As my investigation on postgres_fdw's code, we need to follow other code flow.
If you mean that part of the existing code has to be refactored, that refactoring would for example be a good candidate for a separate patch.
is there any plan to support this feature. or any one can submit a patch?
@hslightdb I have no plans to implement that, but patches are welcome, as long as they are written in a way that I can review.
@hslightdb @laurenz It's under development now, please wait for my patch.
@laurenz As we discussed, I need to separate to small patches so you can review it. I'd like to share patches in the following order. You can review them one by one. After you finished reviewing one patch, I will send you the next patch.
Patch 1: Refactor code following PostgreSQL FDW code style.
- Refactor ORDER BY pushdown (following PostgreSQL FDW code style)
- Refactor some deparse functions (following PostgreSQL FDW code style)
- Refactor building oratable for scanning query and fix some small issues regarding new oratable.
- Other parts are not changed. The advantages of this refactoring is to help us to add more feature easily (e.g Aggregation pushdown). It is easy for maintainability in the future.
Patch 2: Support Aggregate function pushdown
- Some more aggregate functions like AVG, SUM, MIN, MAX will be pushed down.
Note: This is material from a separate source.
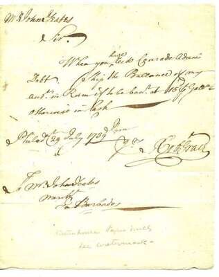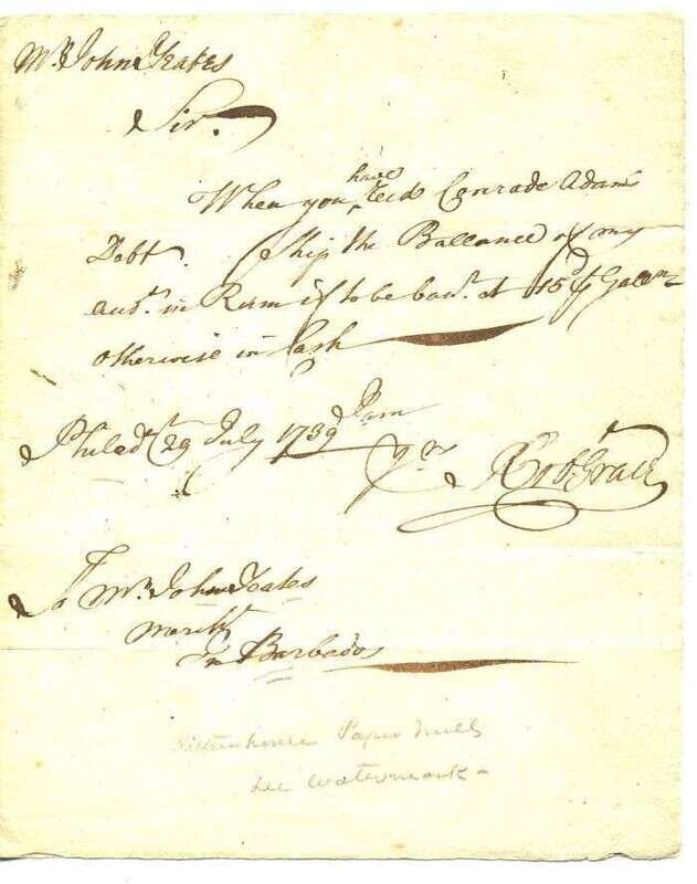 Autograph Letter Signed. Grace, Robert. (Philadelphia), July 29th, 1737. 1 p., sm. 4to, with conjugate leaf, on Rittenhouse Paper Mill paper. Generally clean & clear. To Jasper Yeates, relating to a shipment of rum from Barbados.

More functions can be added easily if we want (for improvement/enhancement)
- Add more test cases
Patch 3: Support GROUP BY pushdown
- Add code and more test cases
Patch 4: Support GROUP BY HAVING pushdown
- Add code and more test cases
Patch 5: Support Aggregation and ORDER BY pushdown
- Add code and more test cases
For LIMIT+OFFSET, it is not pushed down with Aggregation as mentioned in the code. Do you agree with my proposal above?
That sounds OK. If the patches are completely independent, you can propose them one at a time. If some change makes sense in the light of a later patch, it is helpful to see them all at once.
@laurenz Thanks for your feedback. I'd like to share all patches in the attachment. aggregation_pushdown.zip
If you have any queries, please let me know.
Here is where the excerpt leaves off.